Chef Tong Chee-hwee prepares Spring Festival treats at his Chinese restaurant, HKK, in London.[Photo provided to China Daily]
"In some parts of China, it is tradition to eat and gift apples during Chinese New Year," says chef Tong Chee-hwee, "as the word apple in Chinese 'pinguo' sounds like the word 'peace'."
My friend and I are in London for Spring Festival, celebrating the holiday at the celebrated Chinese restaurant, HKK. That's the uber-upscale sibling of Hakkasan, the popular eatery that opened in London with the award-winning Tong as head chef in 2001. It won a Michelin star within a year that it retains today, and Hakkasan has since opened branches in Shanghai, San Francisco and elsewhere.

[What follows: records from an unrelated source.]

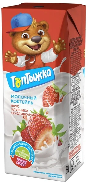 - Коктейль молочный "Топтыжка" со вкусом клубники со сливками изготовлен из натурального молока. На всех этапах производства проходит контроль качества. Коктейль еще полезнее благодаря сниженному содержанию сахара. Поможет утолить чувство голода и поднимет настроение.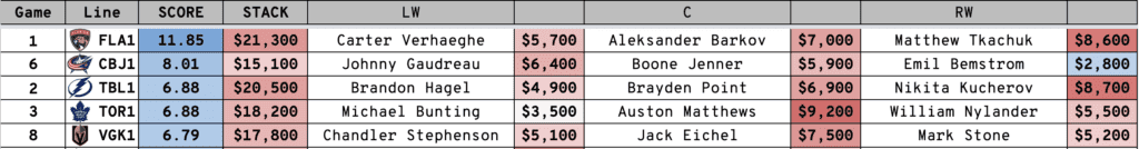 | Verhaeghe – Barkov – Tkachuk Lomberg – Lundell – Reinhart Luostarinen – Bennett – White Cousins – Staal – Hornqvist Forsling – Montour Staal – Ekblad Mahura – Gudas | Ovechkin – Kuznetsov – Sheary Milano – Strome – Johansson McMichael – Eller – Mantha Protas – Dowd – Hathaway Gustafsson – Carlson Fehervary – Jensen Irwin – Van Riemsdyk |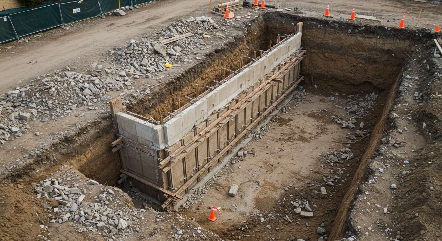 - 2. Разработка котлована до уровня анкерной тяги — производится частично, чтобы обеспечить доступ к зоне крепления анкеров.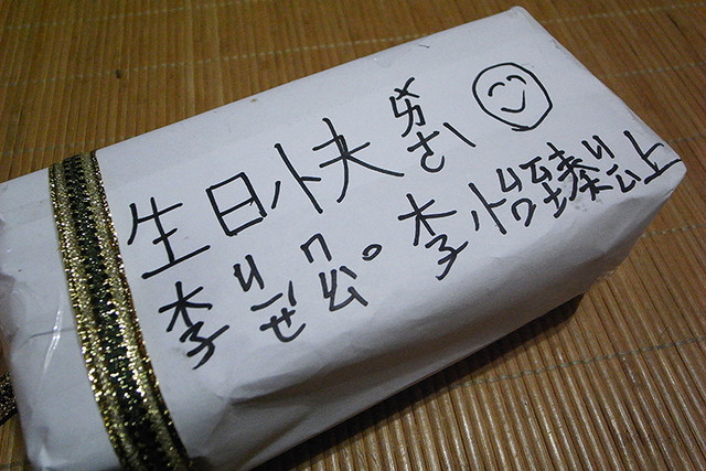 心意到了就好了,禮物還特別的包裝呢~後頭還寫上祝福的話,雖然有錯字。哈哈~
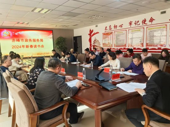 2月19日,赤峰市政务服务局召开党组理论学习中心组(扩大)学习会议暨新春读书会,班子成员,全体干部职工参加学习。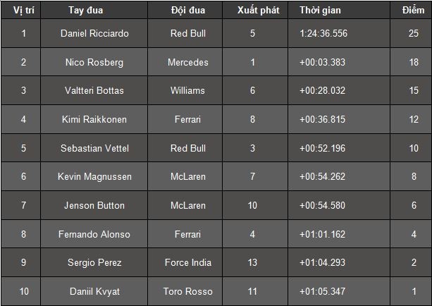 | Hưởng lợi lớn từ cú va chạm của hai tay đua Mercedes, Daniel Ricciardo dễ dàng duy trì vị trí dẫn đầu và là người cán đích đầu tiên sau 1 giờ 24 phút 36,556 giây. |
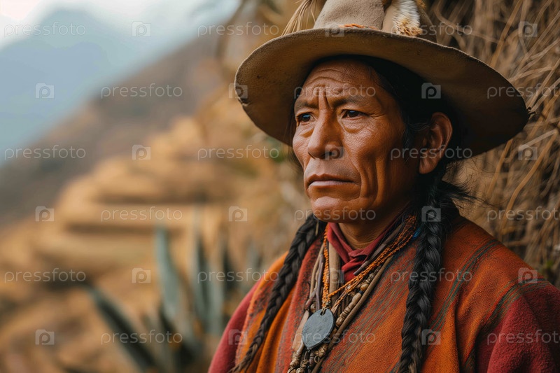 Пожилой перуанский житель деревни в национальной одежде

My excitement about apples betrays an embarrassing habit－I have skipped down through the special eight-course New Year menu to see what's for dessert. Happy day! There are two, including the green apple cardamom crisp noodle that has captured my fancy.
But all in good time.
Our Year of the Monkey starts with the Prosperity Platter, starring a fresh salad mix of crisp noodles, spicy greens, sprouts and jewel-toned pomegranate seeds, all lightly dressed with plum sauce and olive oil. It's served with a sparkling Japanese sake that's only 5 percent alcohol and very refreshing. Side plates offer nibbles of fatty pork with a crispy top, and a smoked Japanese oyster wrapped in Chinese cabbage.
Chef Tong, who now spends most of his time at HKK, says a traditional platter like this is the sort of dish that Chinese guests are looking for in London, though in China each city has its own food heritage.
Then comes Tai Ji Supreme Seafood Soup, actually a pair of soups in the same bowl: A brilliant yolk-yellow crab-roe soup and a rich white broth of flaky fresh crab are presented in a yin-yang design. Yin and yang play a significant part in Chinese cuisine as well as philosophy, reflecting the importance of balance and harmony in ingredients as well as in textures and flavors.